TNF is a product of macrophages and is known to produce multiple effects on cells, including platelets. TNF is one of the main mediators of pathologic responses during septic shock. TNF also plays a key role in the cellular signaling process and regulates the synthesis of certain mediators of inflammation, necrosis, and activation. Increased circulating concentrations of TNF are found in patients with thrombotic disorders associated with cancer. Leukotriene [C.sub.4] is a metabolite of arachidonic acid that is found in the white cells. In thrombotic complications associated with inflammation, this analyte of cellular activation is also increased. PAF is synthesized by mast cells and is increased in the circulating blood of patients with mast cell activation. During transplant rejection, the concentrations of TNF, PAF, and leukotriene [C.sub.4] are increased substantially. Furthermore, in various thrombotic disorders where mast cells are involved, the PAF concentration is increased.

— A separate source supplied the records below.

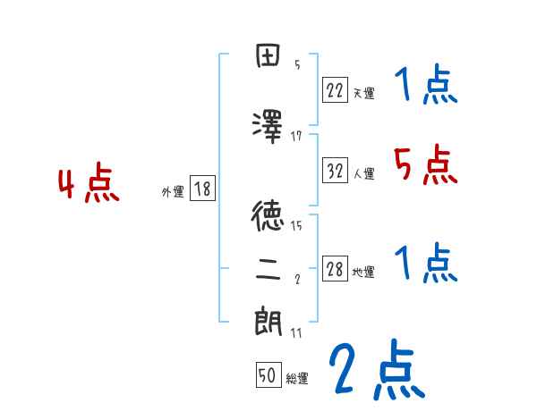 田澤徳二朗さんの画数の鑑定結果
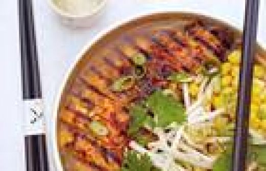 voor 4 personen 4 kleine kipfilets ½ theelepel chilivlokken 1 eetlepel sojasaus 1 eetlepel sake 1 eetlepel mirin 1 theelepel fijne tafelsuiker 1 eetlepel zonnebloemolie 200 g gedroogde ramennoedels 1½ liter kippenbouillon 1 eetlepel miso 200 g maïs uit blik, gesp [...]
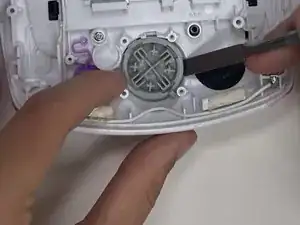 Используйте небольшой пластиковый инструмент для открывания, чтобы отделить цветную переднюю панель от белой задней крышки устройства.
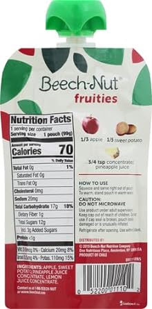 Beech-Nut Baby and Toddler Food Pouches are made with real ingredients and packed in convenient pouches for on-the-go feeding. Our fruities blend contains apple, sweet potato and pineapple gently cooked with indirect heat to preserve flavor and nutrients. Our baby food pouches are a delicious way to squeeze more fruits and veggies into your little one's day. This Stage 2 puree is ideal for your baby 6 months and upDelicious blend of apple, sweet potato & pineappleNo artificial preservatives, colors or flavors and no added sweetenersNon-GMO (made with ingredients that are not genetically modified)Stage 2 for babies 6 months and up
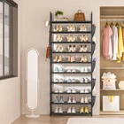 Space saving & large capacity: This narrow tall shoe rack with 5 hooks and side pocket, 23.6x11.8x68.5 inches,compact yet capacious, large capacity comfortably hold 10 to 15 pairs of shoes but takes up the floor space of just one. Narrow and tall shoe stand, ideal for small spaces and large storage capacity, ideal storage solution for any space,closets, entryways, dorms, , hallways, corners, garages, etc. Practicality: The height between shelves is about 6.69inches, suit for different footwear types, sneakers, sandals, slippers, flip-flops; high heels; short boots, toddler shoes. A chaotic and cluttered shoes and space become an eyesore influencing your mood without proper shoe rack organizer. This functional shoe shelves is an excellent way to organize room and keeping footwear shape. Make every pairs have a separate home, in sight, access easily. Beautiful ultra-minimalist appearance: This black shoe rack is built of smooth powder-coated black iron pipes and high-quality plastic joints, perfect combo of durability and pretty, not only help declutter but also enhance the aesthetics of your space; Minimalist style blending into the background, in any room as as a sight.Classic visually suits your family’s taste. Waterproof and durable: Non woven metal shoe rack is easy to clean even if the wet shoes will not sock the fabric. Featuring with high load capacity and superbly constructed, thicken 0.23mm pipes sturdier and stiffer than others, prevents rust. Fabric layers prevent items from falling sturdy entryway shoe storage organizer prolongs the life service. Versatility: Except for shoes, you can use this free standing shoe racks to organize , socks, bags, hats, scarves, toys, crafts, sheets, towels, yarns, etc. Another bonus is 5 hooks for umbrellas, keys, belts, coats, hats, or other accessories, hanging any tier or individually usage; very good additional storage options.Your daily demands will be met with this multipurpose shoe tower. Anywhere: This shoe organizer rack can be placed almost anywhere in your home as a furniture piece, shoe rack for closet, shoe rack for entryway, bedroom, garage, apartment, dorm, kids room, mudroom, living room, front door, hallway, dressing room, area that accumulates excess shoes, or any awkward corner in home that's hard to fill. This is a Smart Storage Solutions of finding the correct item. Detachable and stackable and lightweight: Allows to set up different heights to optimizing space utilization.10 tier shoe rack each tier is detachable so that you can shape it however you like to fit your needs. Tall vertical shoe rack multi layer shoe rack or many low closet shoe organizer. It's anything but bulky, lighter and more portable, easy to move around. Ease of assembly: Very easy to install, just need a few minutes, once finish you will like this vertical shoe rack. A disposable hammer help make narrow shoe rack structure steady. Due to thermal expansion and contraction, when weather cold, soak joints into the warm water for few minutes and will be better for assembling. Please avoid exposing under sun and rain. Package and service: All the parts are packed after strictly checking, no fear of missing and defective parts. During installation and usage, any question please don't hesitate to contact us, we have a professional team to solve your problems,always here for you. Over time, you often arrange your space, it may be difficult to find an efficient way to clean it. So, starting with shoes! This functional and cheap shoe rack tall helps everyday easier.
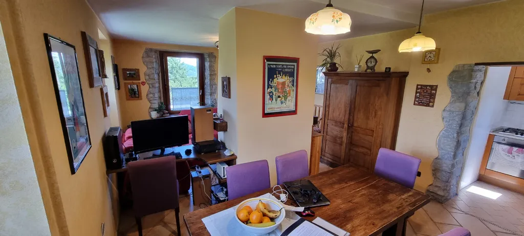 Infissi in alluminio esterno e legno in interno con vetri doppi. Scuretti in legno. La pavimentazione è in ceramica. Porta blindata.
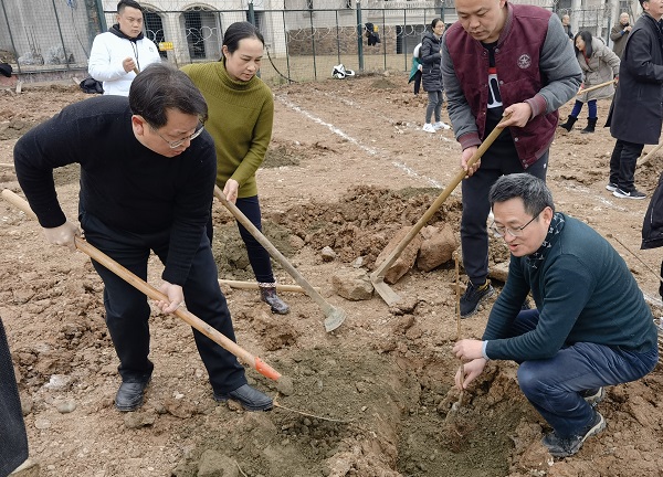 活动中,徐井万带领大家种植蜂糖李树、五月脆、胭脂脆桃,大家满怀热情,干劲十足,翻土、放苗、扶正、填土,配合默契,繁忙有序,在党员们的分工合作下,一棵棵树苗在现代种植基地安了新家。
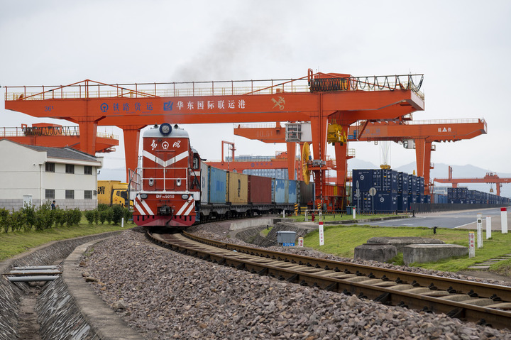 一列滿載貨物的“義(yi) 新歐”中歐班列發車。拍友 胡肖飛 攝
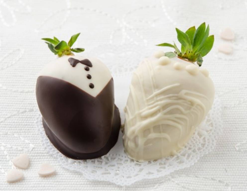 - Für den Erdbeer-Bräutigam die dunkle Glasur im Wasserbad schmelzen. Die Erdbeeren von jeder Seite schräg eintunken, sodass sich ein Ausschnitt wie bei einem Anzug ergibt. Dunkle Glasur in ein Stanitzel füllen und je drei Knöpfe sowie eine Fliege aufspritzen.
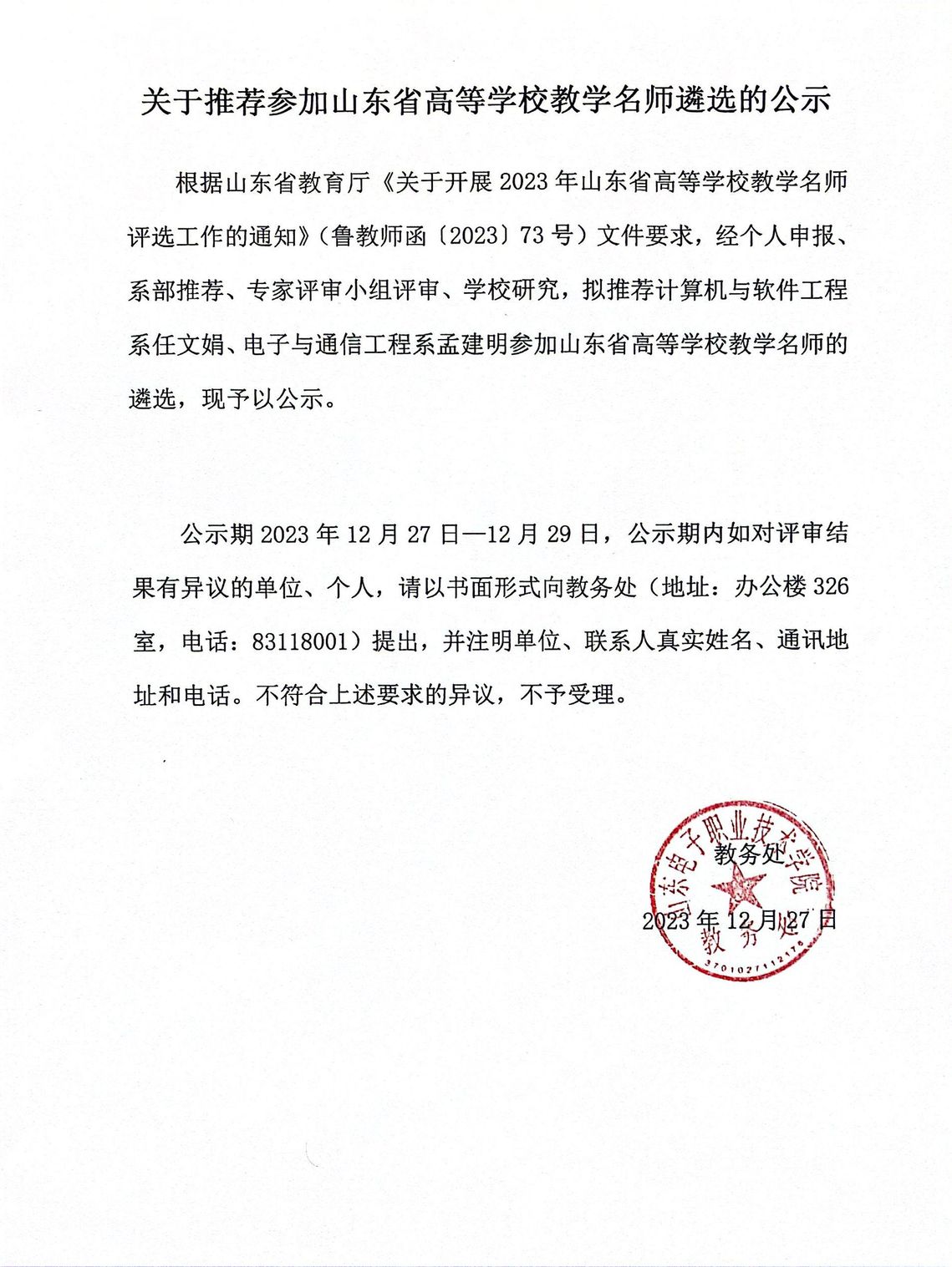 关于推荐参加山东省高等学校教学名师遴选的公示
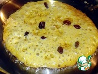 Теста на каждый блин наливала по три столовых ложки. Сверху насыпала изюм. Блинчики получились мягкими и ароматными. |
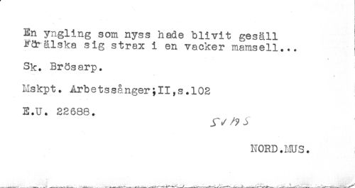 //// j //// En yngling som nyss hade blivit gesäll //// Förälska sig strax i en vacker mamsell... //// Sk. Brösarp. //// Hskpt. Arbetssånger;II,s.l02 //// E.U. 22688. //// ^ / ? - //// NORD.MUS. ////

Newer and reliable immunoassay methods for quantification of antiphospholipids have recently become available. The presence of anti-phospholipid antibodies is linked with arterial and venous thrombotic disorders (23). These antibodies are generated by changes in the vascular lipid membrane. Individual methods for the quantification of these antibodies and a collective concentration of these anti-phospholipid antibodies, therefore, provide a reliable means of detecting this syndrome. vWF is also increased in various prethrombotic states involving both the arterial and venous systems. This protein is involved in the functionality of platelets. Plasma concentrations of vWF can be readily measured using an antigenic or a functional method.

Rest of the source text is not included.